Studio album by The Osmonds
- Released: June 19, 1971
- Recorded: February 16–21, 1971
- Studio: FAME (Muscle Shoals)
- Genre: Bubblegum
- Length: 27:33
- Label: MGM
- Producer: Rick Hall

The Osmonds chronology
| Osmonds (1970) | Homemade (1971) | Phase III (1972) |

Singles from Homemade
- "Double Lovin'" Released: May 8, 1971;

= Homemade (The Osmonds album) =

1971 studio album by The Osmonds

Homemade is the seventh studio album released by The Osmonds (second under that name). It reached No. 22 on the Billboard Top LPs chart on August 7, 1971. The album was certified Gold by the RIAA on January 20, 1972.

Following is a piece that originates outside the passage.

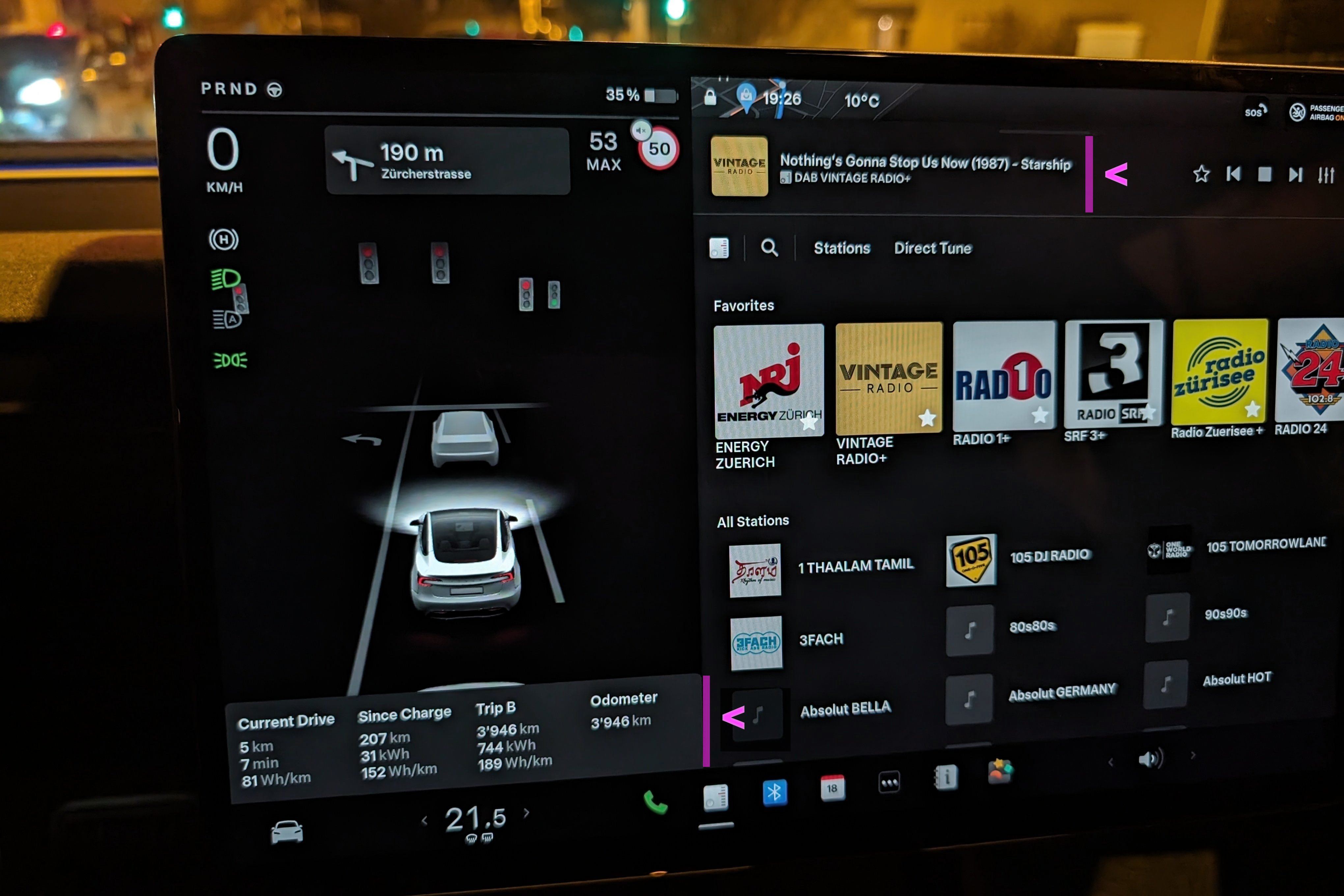 Unlike spezialized music services that meticulously curate music selections based on genres, locations, and user preferences, Tesla’s interface for radio is rudimentary, grouping everything under a generic “Favorites” section. The favorite stations are listed on a narrow band in one line and you have to laboriously swipe to the left if you have saved more than 6 stations. It’s clearly lacking any semblance of organization or cohesion. A meaningful browsing function is completely missing, there is only a global search which implies that you know the name of a specific channel. Instead, all receivable stations are listed alphabetically. There is no option to hide individual radio stations. For example, I am not interested in the Tamil radio station on top of the list.

The single "Double Lovin'", a sound-alike follow-up to their previous hit "One Bad Apple" from the same songwriter, peaked at No. 14 on the Billboard Hot 100. The album included the first songwriting contributions from the Osmond Brothers themselves, with Wayne Osmond noting in 2004 that the band had to reject multiple songs, some of which became major hits, because they did not reflect their morals, and decided to start writing their own. The band would write the majority of their own songs for the next three albums.

==Critical reception==

Dave Thompson of AllMusic described the album as "Little more than the highlights of a stage act honed through appearances at sundry cabaret clubs and on TV", also calling it "good-natured pop with a saccharine bent, and so utterly directionless that even the Jackson 5-isms that would soon be sweeping into their set (and had already distinguished their maiden hit, "One Bad Apple") have yet to be tapped."

Professional ratings
Review scores
| Source | Rating |
| AllMusic | Star |

==Track listing==

| No. | Title | Writer(s) | Recorded | Length |
|---|---|---|---|---|
| 1. | "The Honey Bee Song (A Taste of Honey)" | Mickey Buckins | February 21, 1971 | 2:20 |
| 2. | "Carrie" | Merrill Osmond, Wayne Osmond | February 16, 1971 | 2:45 |
| 3. | "Double Lovin'" | Mickey Buckins, George Jackson | February 16, 1971 | 2:30 |
| 4. | "Chilly Winds" | Lalo Schifrin, Mike Charles | February 20, 1971 | 2:54 |
| 5. | "Shuckin' and Jivin'" | George Jackson, Mickey Buckins | February 16, 1971 | 2:10 |
| 6. | "The Promised Land" | Mickey Buckins | February 16, 1971 | 2:45 |
| 7. | "If You're Gonna Leave Me" | Alan Osmond, Merrill Osmond | February 17, 1971 | 3:27 |
| 8. | "We Never Said Forever" | Austin Roberts, Chris Welch | February 18, 1971 | 2:48 |
| 9. | "She Makes Me Warm" | Paul Williams | February 18, 1971 | 2:24 |
| 10. | "Sho Would Be Nice" | Alan Osmond, Merrill Osmond | February 17, 1971 | 3:30 |

==Personnel==
- Producer: Rick Hall
- Arranger (Horns): Harrison Calloway, Jr.
- Arranger (Strings): Peter Carpenter
- Recorded at Fame Recording Studios

==Charts==

===Album===

| Chart (1971) | Peak position |
|---|---|
| Canadian Albums (RPM) | 27 |
| US Billboard 200 | 22 |

===Singles===

| Year | Single | Chart | Position |
| 1971 | "Double Lovin'" | US Billboard Hot 100 | 14 |
| US Cash Box Top 100 | 9 |
| Canada RPM Top Singles | 9 |

==Certifications==

| Region | Certification | Certified units/sales |
| United States (RIAA) | Gold | 500,000^{^} |
^{^} Shipments figures based on certification alone.